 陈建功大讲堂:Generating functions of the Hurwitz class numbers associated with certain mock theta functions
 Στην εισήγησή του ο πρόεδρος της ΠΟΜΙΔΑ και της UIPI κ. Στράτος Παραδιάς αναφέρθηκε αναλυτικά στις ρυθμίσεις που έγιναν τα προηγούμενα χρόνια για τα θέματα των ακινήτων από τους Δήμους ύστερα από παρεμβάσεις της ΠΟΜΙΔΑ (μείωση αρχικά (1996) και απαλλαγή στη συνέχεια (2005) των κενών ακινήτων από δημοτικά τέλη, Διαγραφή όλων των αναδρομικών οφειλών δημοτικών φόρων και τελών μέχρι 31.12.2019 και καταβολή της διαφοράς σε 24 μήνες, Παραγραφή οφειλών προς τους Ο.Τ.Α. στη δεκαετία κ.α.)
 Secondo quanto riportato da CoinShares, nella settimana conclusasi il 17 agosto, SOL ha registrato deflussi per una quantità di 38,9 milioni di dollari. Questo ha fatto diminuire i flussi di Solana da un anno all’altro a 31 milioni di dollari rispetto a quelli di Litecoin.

* * *

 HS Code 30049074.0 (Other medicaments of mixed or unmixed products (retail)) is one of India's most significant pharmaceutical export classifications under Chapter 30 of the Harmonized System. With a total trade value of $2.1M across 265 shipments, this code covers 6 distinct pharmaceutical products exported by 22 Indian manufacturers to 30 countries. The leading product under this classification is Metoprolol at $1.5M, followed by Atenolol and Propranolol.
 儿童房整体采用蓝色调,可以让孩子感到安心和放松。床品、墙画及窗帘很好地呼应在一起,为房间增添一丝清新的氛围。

### What to produce:
Go through the listing above and write out exactly the lines starting with the one holding "陈建功大讲堂:Generating functions of" and running through the one holding "Secondo quanto riportato", ends included, and no others.

### Exercise solution:
 陈建功大讲堂:Generating functions of the Hurwitz class numbers associated with certain mock theta functions
 Στην εισήγησή του ο πρόεδρος της ΠΟΜΙΔΑ και της UIPI κ. Στράτος Παραδιάς αναφέρθηκε αναλυτικά στις ρυθμίσεις που έγιναν τα προηγούμενα χρόνια για τα θέματα των ακινήτων από τους Δήμους ύστερα από παρεμβάσεις της ΠΟΜΙΔΑ (μείωση αρχικά (1996) και απαλλαγή στη συνέχεια (2005) των κενών ακινήτων από δημοτικά τέλη, Διαγραφή όλων των αναδρομικών οφειλών δημοτικών φόρων και τελών μέχρι 31.12.2019 και καταβολή της διαφοράς σε 24 μήνες, Παραγραφή οφειλών προς τους Ο.Τ.Α. στη δεκαετία κ.α.)
 Secondo quanto riportato da CoinShares, nella settimana conclusasi il 17 agosto, SOL ha registrato deflussi per una quantità di 38,9 milioni di dollari. Questo ha fatto diminuire i flussi di Solana da un anno all’altro a 31 milioni di dollari rispetto a quelli di Litecoin.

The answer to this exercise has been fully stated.